What you are asked to do:
With the pictures removed, write out the full listing below exactly.

Data shown:
---------------

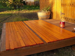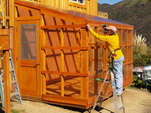 Note: Because it's a greenhouse and will be exposed inside AND out to sun, heat, and moisture on a daily basis, it's a good idea to stain all framing members as you are putting them up (before each step). It's not only easy and practical to do in advance, but looks pretty too. I used Superdeck's "Waterborne" red-cedar stain, which is resin-based but odorless and can be cleaned up with water. The product turned out to be so fantastic, I'll never use stinky petroleum-based stains again!
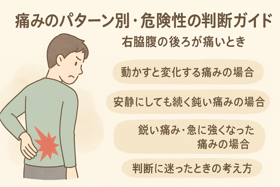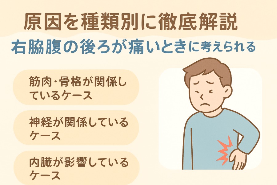 右脇腹の後ろが痛い症状は、筋肉由来や内臓疾患まで幅広い原因が考えられます。本記事では痛みの特徴別に原因を解説し、すぐできる対処法・受診の目安を専門医の情報を元に詳しく解説します。
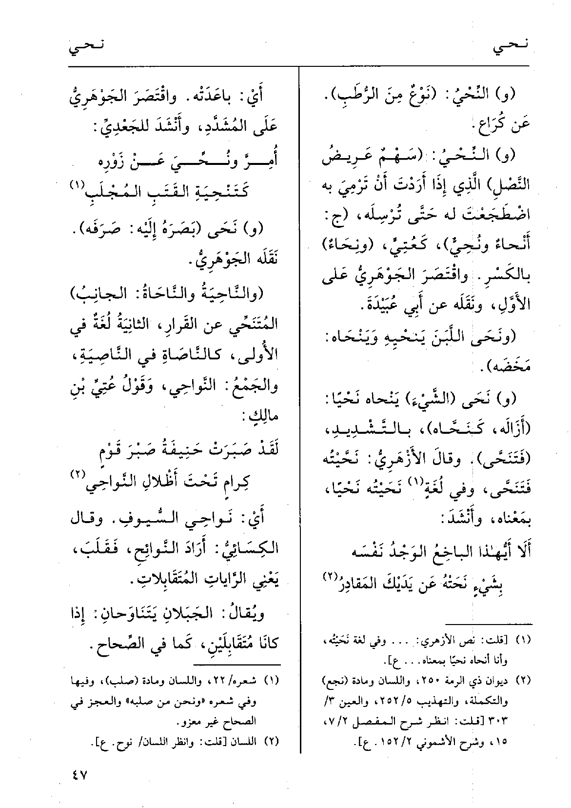 وَقَالَ الأزْهرِي:} نَحَيْتُه {فَتَنَحَّى، وَفِي لُغَةٍ} نَحَيْتُه {نَحْياً بمعْناهُ؛ وأَنْشَدَ:
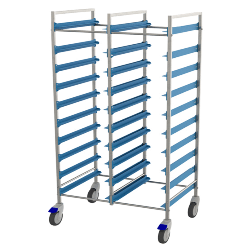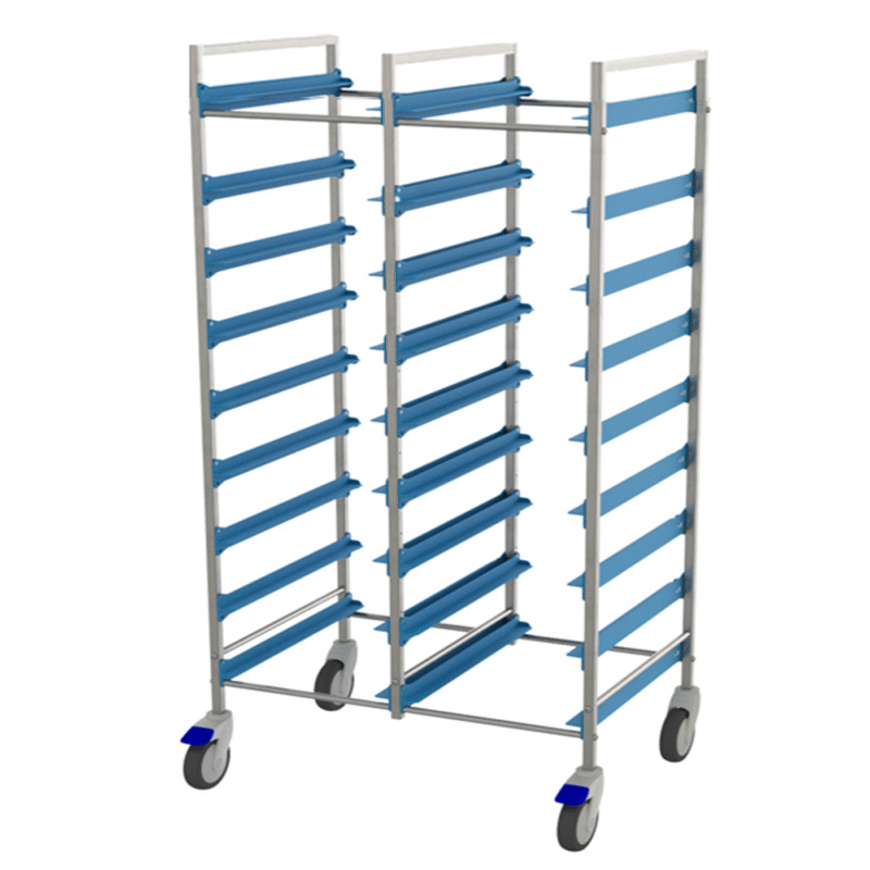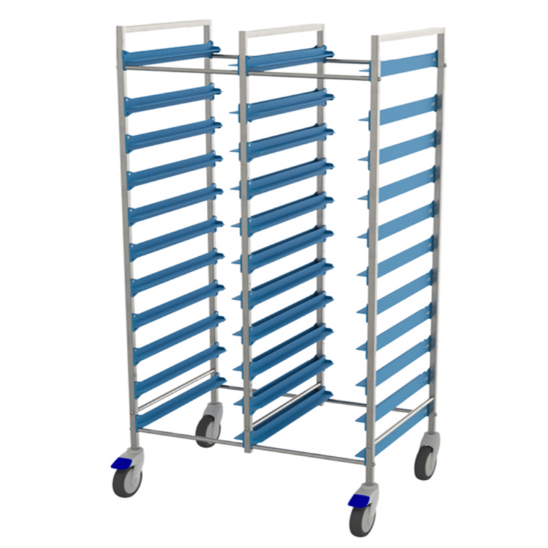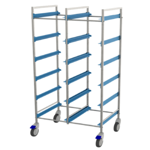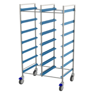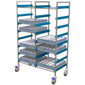 Basket trolley for the transport and storage of crockery in 46×46 cm dishwashing baskets.

---------------

Task result:
 Note: Because it's a greenhouse and will be exposed inside AND out to sun, heat, and moisture on a daily basis, it's a good idea to stain all framing members as you are putting them up (before each step). It's not only easy and practical to do in advance, but looks pretty too. I used Superdeck's "Waterborne" red-cedar stain, which is resin-based but odorless and can be cleaned up with water. The product turned out to be so fantastic, I'll never use stinky petroleum-based stains again!
 右脇腹の後ろが痛い症状は、筋肉由来や内臓疾患まで幅広い原因が考えられます。本記事では痛みの特徴別に原因を解説し、すぐできる対処法・受診の目安を専門医の情報を元に詳しく解説します。
 وَقَالَ الأزْهرِي:} نَحَيْتُه {فَتَنَحَّى، وَفِي لُغَةٍ} نَحَيْتُه {نَحْياً بمعْناهُ؛ وأَنْشَدَ:
 Basket trolley for the transport and storage of crockery in 46×46 cm dishwashing baskets.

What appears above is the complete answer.